Microservices are applications that run continuously or on-demand to accomplish a part of the work of the Liminal Capital trading system.
Currently microservices can run in three places
in the us-east-1 AWS region (N Virginia)
Although two clusters exist, they are not fully configured and are not being used. They are a Windows server cluster and a Linux cluster. The Windows cluster will be used to run C# microservices. The Linux cluster could also be used to run C# microservices but, for now, is intended to be used for those microservices unfortunate enough to be written in Python.
There are two services that run in an EC2 machine: the two public-facing sites, research.liminal-capital.com and clients.liminal-capital.com. These have public IP addresses so that they can be visible on the public internet and are hosted on IIS (Internet Information Server, the Microsoft web server).
Currently all of the microservices, except for the public-facing sites, run on office workstations. There are two reasons for this. There are a number of UI Windows applications that are run by a user that needs to see information about the various parts of the system.
Secondly there are microservices that depend on a licensed workstation application which have a machine-locked license. The first group of these use the Bloomberg API and must run on the same machine which runs the Bloomberg application that provides that API. The second group are applications that use the Interactive Brokers API. These do not need to run on the machine that provide the TWS (Trader Workstation) API but must access the API via a connection to a specific office machine
Every microservice is assigned a four digit code. This code is a succinct identifier for the each microservice that is used to refer to it in various UI applications, in error messages, and in logs. These codes are statically assigned to a microservice when it is built.

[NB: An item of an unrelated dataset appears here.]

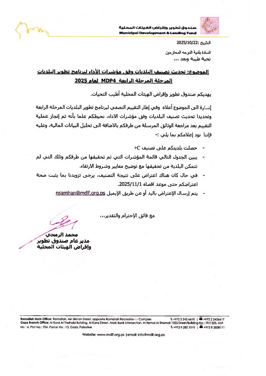 بلدية الدوحة تحصل على تصنيف +C ضمن برنامج تطوير البلديات (MDP4) لعام 2025
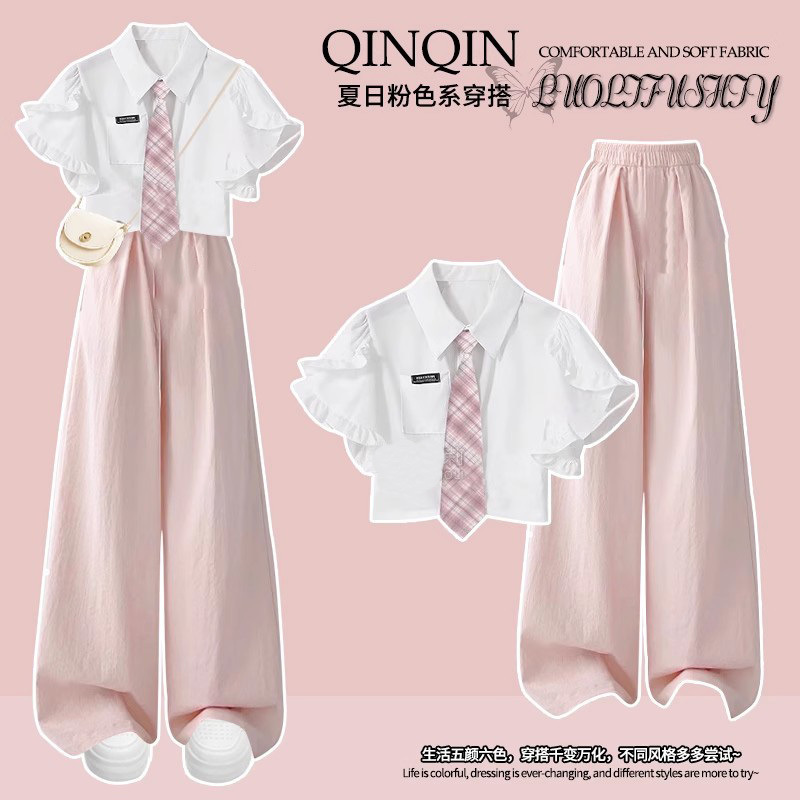 Setelan Musim Panas Siswa Perempuan Model Baru 2025 Celana Kulot Kemeja JK Pakaian Musim Panas Wanita Celana Gunung Setelan Dua Potong

Although in today's system each microservice runs as a single instance. There is no reason that we cannot run more than one instance of a microservice as long as the microservice is designed to allow this.
Microservices run as parts of a system where there is frequent communication among them. We currently use Redis pub/sub for this communication using JSON payloads. Pub/sub involves one or more subscribers to each kind of communication (called a channel) where each publisher creates messages on the channel and all subscribers to a channel receive all messages published on it. This scheme works well all relevant microservices are running but if a subscriber fails it will not receive any messages published from that time until another instance of the subscriber is created.
This is different from a message queue where messages published to the queue remain in the queue until a subscriber retrieves it. The disadvantage of this is that if there are more than one subscriber each mesasge is generally recieved by only one of them. Some queues have more complex mechanisms to address this issue. At this time, we are looking into replacing Redis with a message queue or a similar service but have not implemented such a mechanism.